C'est très bien mais... (de retour du Bronks)

Publié le  31.05.2010

Il y a des années, quand il m'arrivait d'aller au théâtre avec des théâtreux (alors que je n'en étais pas encore un moi-même), une phrase parmi toutes avait le don de m'irriter à la sortie.

 

« C'est très bien mais ce n'est pas du théâtre ».

 

Phrase définitivement horripilante, bêtement corporatiste, voire franchement réactionnaire.

 

« C'est très bien mais ce n'est pas du théâtre ».

Y lire « j'admets que c'est beau et/ou bien fait et/ou intelligent et/ou drôle et/ou etc. ...mais trop éloigné de ma conception de ce que doit être un plateau et/ou un acteur et/ou un texte et/ou etc. ...pour que je cautionne complètement ».

 

« C'est très bien mais ce n'est pas du théâtre ».

Y lire un refus d'élargir le champ des possibles.
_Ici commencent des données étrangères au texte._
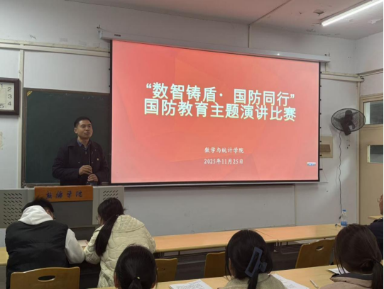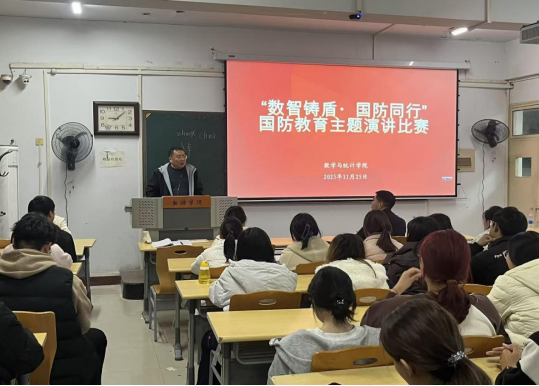 为提高学生国家安全意识,引导树立远大报国志向,激发投身国防建设的热忱,11月25日,数学与统计学院在A14-226开展“数智铸盾・国防同行”国防教育主题演讲比赛。数学与统计学院院长张之正、党委副书记兼纪委书记王仁举、学工办主任张泽潭、分团委书记陈立雪、全体辅导员和学生80余人参加活动。
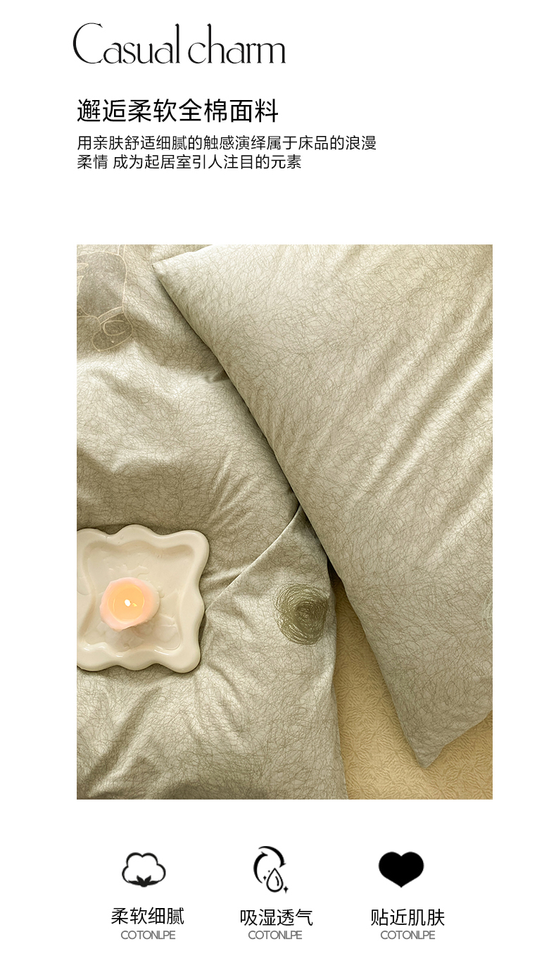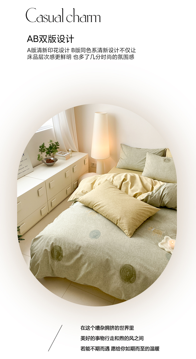 宜家坊 2025开春新品全棉喷气13070小清新印花纯棉全棉四件套-风格一 线条小狗

Après tout, si ça se passe sur une scène et si ça me plaît, quelle importance de ranger ou pas l'objet scénique dans la case théâtrale ?

 

 

En sortant de « Hot Pepper, Air Conditioner, and the Farewell Speech » du Japonais Toshiki Okada, j'avoue honteusement avoir pensé : « C'est très bien mais ce n'est pas du théâtre ». Pire : j'avoue honteusement avoir considéré avec mépris le public très enthousiaste en me disant : « C'est foutu. Si les spectateurs du Kunsten applaudissent plus chaleureusement Okada que García, Schlingensief ou Díaz, ça signifie que l'image a gagné sur la pulsion. Ça signifie que la démonstration a gagné sur le partage de l'instant. Ça signifie que la pirouette conceptuelle a gagné sur la nécessité énonciatoire ». Merde.

 

« C'est très bien mais ce n'est pas du théâtre ».

 

Le spectacle d'Okada est logorrhéique (ce qui n'est pas une mauvais chose en soi), très léché (mais pas très beau), use de la chorégraphie, de l'a-rythmie et de la bande-son dans des perspectives ultra-signifiantes qui confinent au symbolique permanent. Le spectacle d'Okada n'a rien à me dire que je ne sache déjà et emploie toute son énergie à démontrer que sa façon de me le dire est la plus chimiquement pure. Il déploie dans ma direction une injonction à constater sa brillance conceptuelle. Que la scène et la salle partagent les mêmes minutes n'a strictement aucune importance : le spectacle sera authentiquement similaire le lendemain et dans six mois, à Berlin, à Rio ou à Téhéran.

 

Ce n'est donc pas du théâtre puisque l'œuvre fonctionne toute seule : elle n'a pas besoin du public pour exister. Ou plutôt elle n'en a besoin, exclusivement, que pour s'auto-célébrer en tant qu'Œuvre. Je n'aime pas être placé dans cette position. Ou plutôt : je n'aime pas que le théâtre me place dans cette position puisqu'elle va à contre-sens de l'essence du médium (à la différence des arts plastiques, de la musique ou du cinéma). Voilà le sens que prend aujourd'hui pour moi la phrase :

 

« C'est très bien mais ce n'est pas du théâtre ».